Falecido em 1992, Inaldo Vilarin tem um rico acervo onde constam ainda muitas canções inéditas que, cedida pela viúva do compositor, estão hoje em posse deste casal amigo que busca junto aos órgãos competentes a viabilização e a reparação, em parte, desse crasso erro tão comum àqueles que contribuíram de algum modo para formar a nossa identidade cultural. Obstante a falta de patrocínio por parte do seu estado natal para participar em 1967 do Fórum de Música em Nova York representando o Brasil ao lado de nomes como Tom Jobim, Roberto Menescal, Vinicius de Moraes, Baden Powell e Capiba. Agora o mesmo torrão insiste em rejeitar um projeto baseado no legado do compositor sob o argumento que Inaldo Vilarin é compositor de samba e o gênero não faz parte da cultura pernambucana.
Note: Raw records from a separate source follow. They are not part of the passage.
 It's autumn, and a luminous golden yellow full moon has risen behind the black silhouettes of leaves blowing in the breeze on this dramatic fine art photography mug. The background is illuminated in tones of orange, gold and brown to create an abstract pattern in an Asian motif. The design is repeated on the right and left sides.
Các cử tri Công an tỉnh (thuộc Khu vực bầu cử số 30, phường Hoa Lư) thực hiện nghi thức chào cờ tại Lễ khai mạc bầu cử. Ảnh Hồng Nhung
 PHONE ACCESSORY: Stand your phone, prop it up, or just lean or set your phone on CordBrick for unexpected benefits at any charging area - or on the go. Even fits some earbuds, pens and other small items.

O que acaba engendrando aquilo que grande parte da mídia e dos poderes públicos pernambucanos divulgam: Pernambuco é apenas a terra do frevo, e Recife a sua capital. 
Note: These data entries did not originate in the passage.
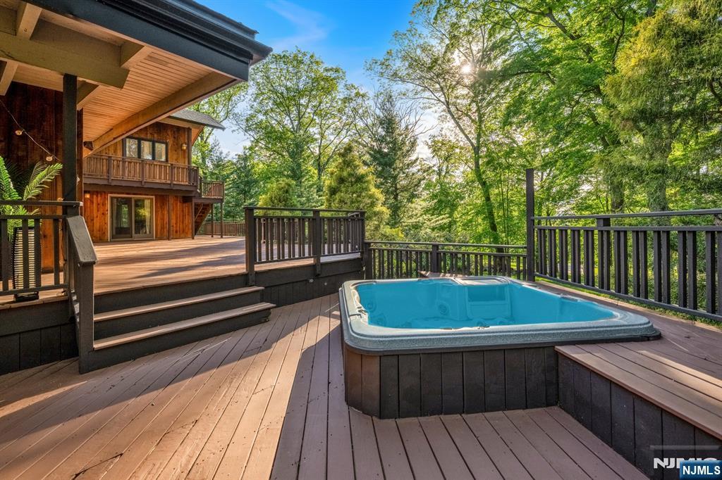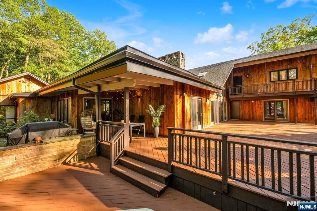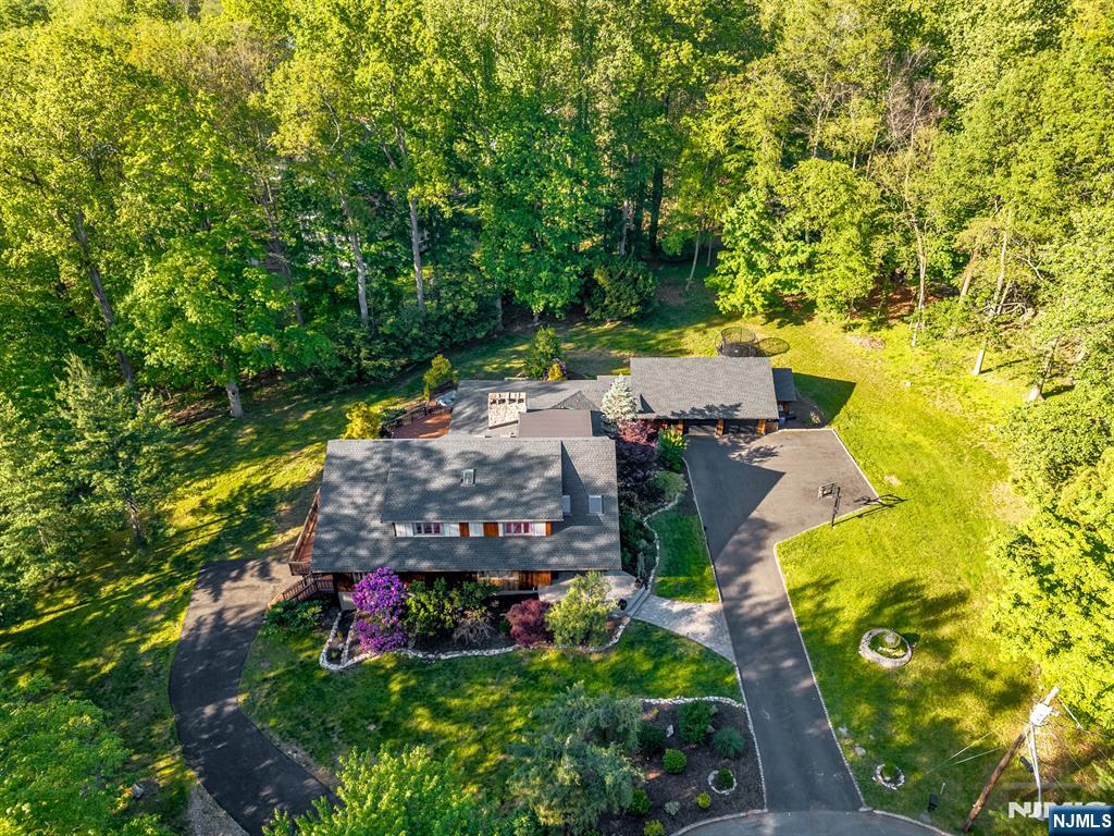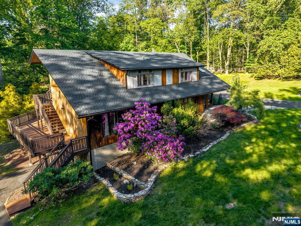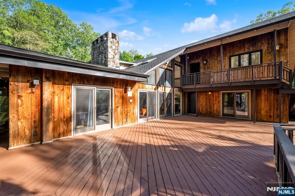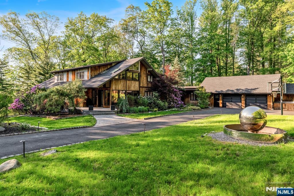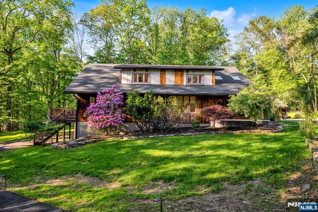 Spacious 5-Bedroom Contemporary on 1.5 Acres. Nearly 5,000 sq. ft. of living space, this 5-bedroom, 4-bath home is ideal for extended families, set on a private 1.5-acre cul-de-sac lot on the Montvale/Upper Saddle River border (with modern ground system, not septic). The open floor plan is filled with sunlight, featuring brand-new hardwood floors, a modern lighting system, and two fireplaces. The first-floor master suite includes a luxurious bath and direct access to a spectacular oversized deck, perfect for entertaining or simply enjoying private sunrise and sunset views. Four additional bedrooms upstairs offer generous space, while a finished basement expands living options for a gym, office, or media room. Upgrades include a brand-new roof, remodeled bathrooms with Italian tile, new asphalt driveways, and a 3-car garage. Extraordinary landscaping and a massive deck create an outdoor oasis for family gatherings. This move-in ready contemporary blends space, privacy, and modern comfort on a rare oversized lot. FAST CLOSING PREFERRED & MOVE IN READY HOUSE!
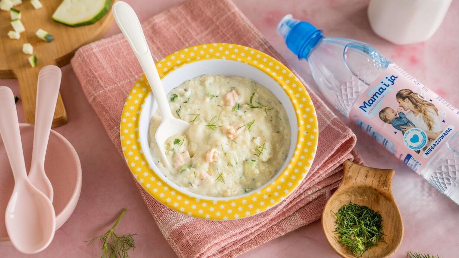 2/3 kaszy włóż do miski, dodaj mleko i zblenduj. Przelej do garnka z resztą kaszy, dodaj cukinię i łososia.
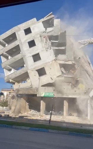 Hatay’ın Kırıkhan ilçesinde depremde hasar alan 6 katlı bina, iş makinesinin tek dokunuşuyla yerle bir oldu.
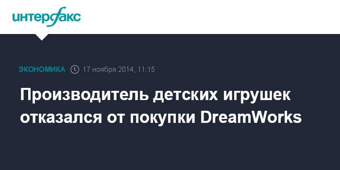 Москва. 17 ноября. INTERFAX.RU - Американский производитель детских игрушек Hasbro Inc. отказалась от идеи купить анимационную студию DreamWorks Animation, сообщает Variety.
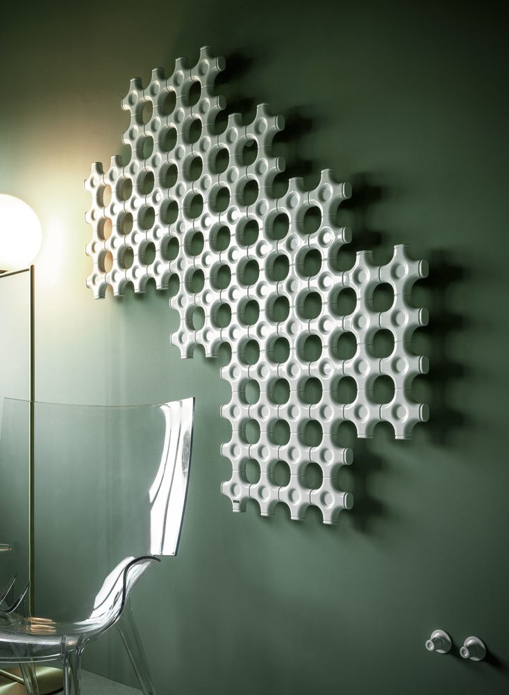 Realizzato con moduli di alluminio laccato riciclabile di dimensioni 12 x 24, il radiatore Add-on può essere composto con la massima flessibilità e assumere forme definite come quadrati e rettangoli oppure geometrie libere da schemi. La versatilità di composizione consente di trovare soluzioni innovative e creative che soddisfano il fabbisogno termico e il decoro nell’arredo. Nella sua forma rettangolare Add-on può essere utilizzato anche come elemento divisorio grazie ad uno speciale supporto intra-muro. Disponibile sia in versione elettrica che idraulica.
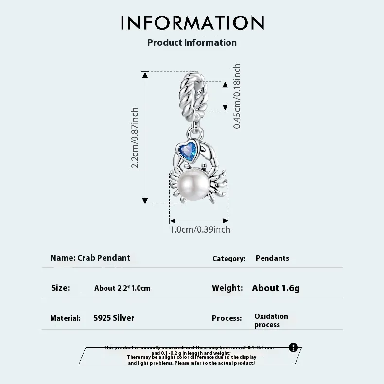 Crab Pearl Pendant S925 Silver Bead Accessories
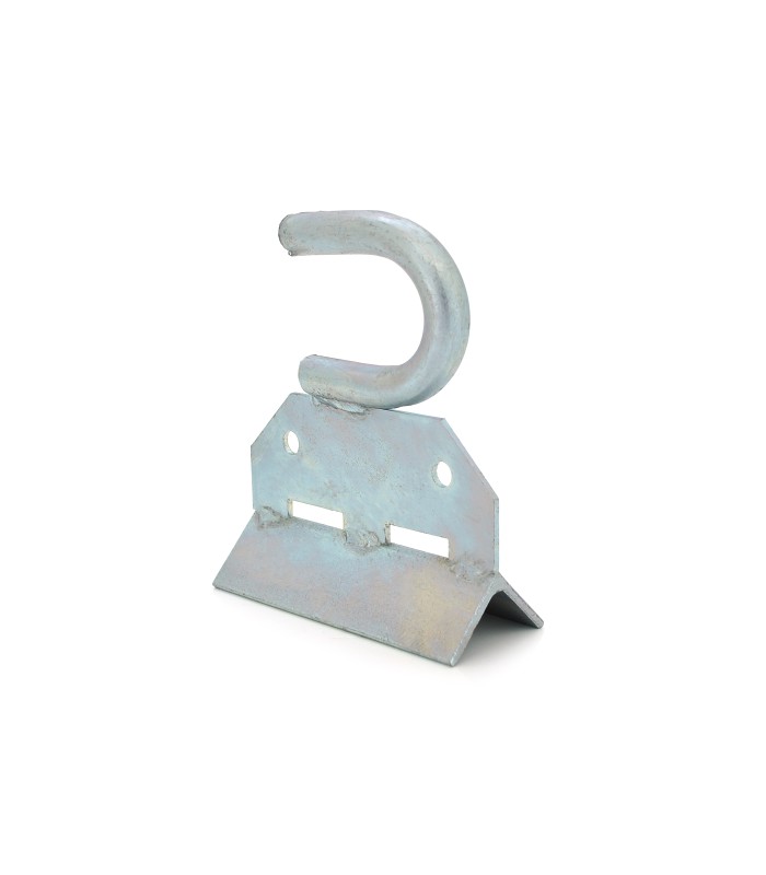 Уголок имеет ребро жесткости, исключает возможность ослабления или деформации основания в процессе эксплуатации крюка под бандажной лентой.
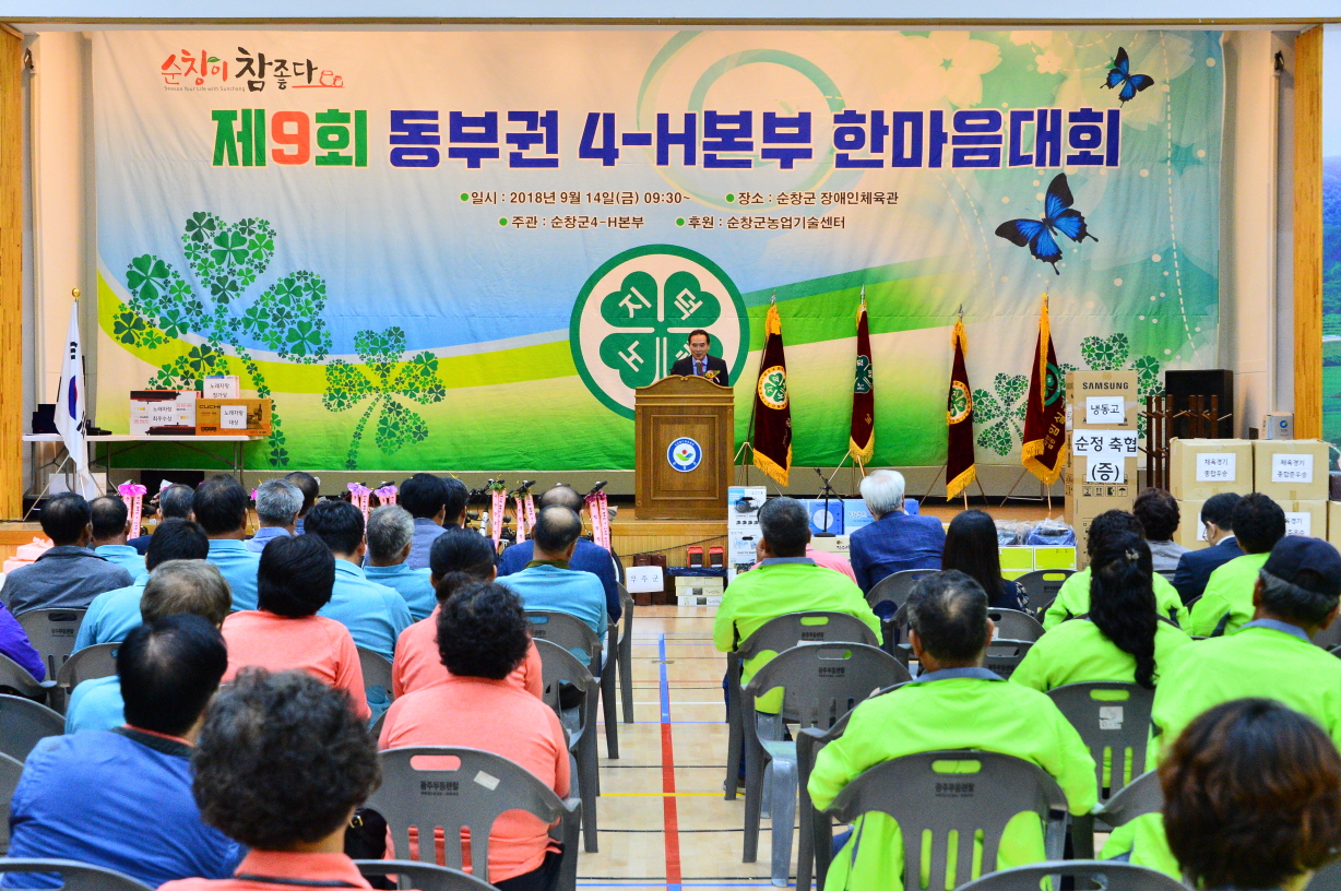 - 제9회 동부권(순창, 남원, 임실, 무주, 진안, 장수) 4-H본부 한마음대회가 14일 순창군 장애인체육관에서 열렸다.이날 행사는 동부권 4-H본부 회원 700여명과 황숙주 순창군수가 참석한 가운데 성황을 이뤘으며, 특강을 시작으로 난타 공연, 개회식, 중식 및 만남의 장, 한마음행사로 진행됐다. -2018년 9월 14일-

Procuração outorgando Bráulio de Castro sobre as
composições da dupla em São Paulo 
Desse modo, na incessante luta para transpor aquilo que o professor norte-americano John Rawls classificaria como véu da ignorância (pois de fato existe uma espécie de barreira contra o uso de interesses parciais na determinação dos princípios da justiça), Bráulio e Fátima de Castro lutam para que o nome de Inaldo não amargue o limbo do esquecimento. No entanto, para modificar essa triste realidade, faz-se necessário mais que o compromisso com a história da música pernambucana como tem atestado o casal, uma vez soma-se inúmeras tentativas para viabilizar um projeto fonográfico afim de prestar uma justa homenagem a este relevante autor em forma de disco. A ideia é registrar um tributo onde constará canções inéditas e regravações a partir das vozes de cantores da nova geração assim como também cantores contemporâneos do homenageado a exemplo de Expedito Baracho (que falecido recentemente não teve tempo de participar desta pretensa homenagem). No entanto, para que este e tantos outros projetos a favor da história cultural do nosso país possa vir a existir, faz-se necessário suplantar os entraves burocráticos existentes que, somados à própria falta de compromisso, acaba por negar às novas gerações a possibilidade de conhecimento de nomes que deixaram as suas respectivas contribuições para a nossa cultura, que já conta com um retrospecto desvantajoso nos últimos anos (basta levarmos em consideração que sob o pretexto de contenção de despesas, o Ministério da Cultura terá este ano um orçamento menor em relação a 2014). Desse modo acaba-se tornando-se "fácil" usar das mais distintas e absurdas alegações o sonho de apresentar nomes como o de Vilarin para as novas gerações. Para que se mude esse contexto, faz-se necessário uma reestruturação para além do burocrático. É preciso uma mudança que abarque a intelectualidade daqueles que respondem pela cultura. É preciso que, em detrimento a interesses pessoais, seja deixado de lado a prática meramente panis et circenses em pró de um compromisso maior com aqueles que de fato contribuíram de modo relevante com a sua cultura. A discrição tão em voga enquanto Vilarin esteve vivo não pode tornar-se sinônimo de esquecimento. É preciso, acima de tudo, valorização e reconhecimento, práticas pouco comuns com quem faz cultura em um país que por vezes chega a dar margem para questionamentos como este que batiza esta matéria.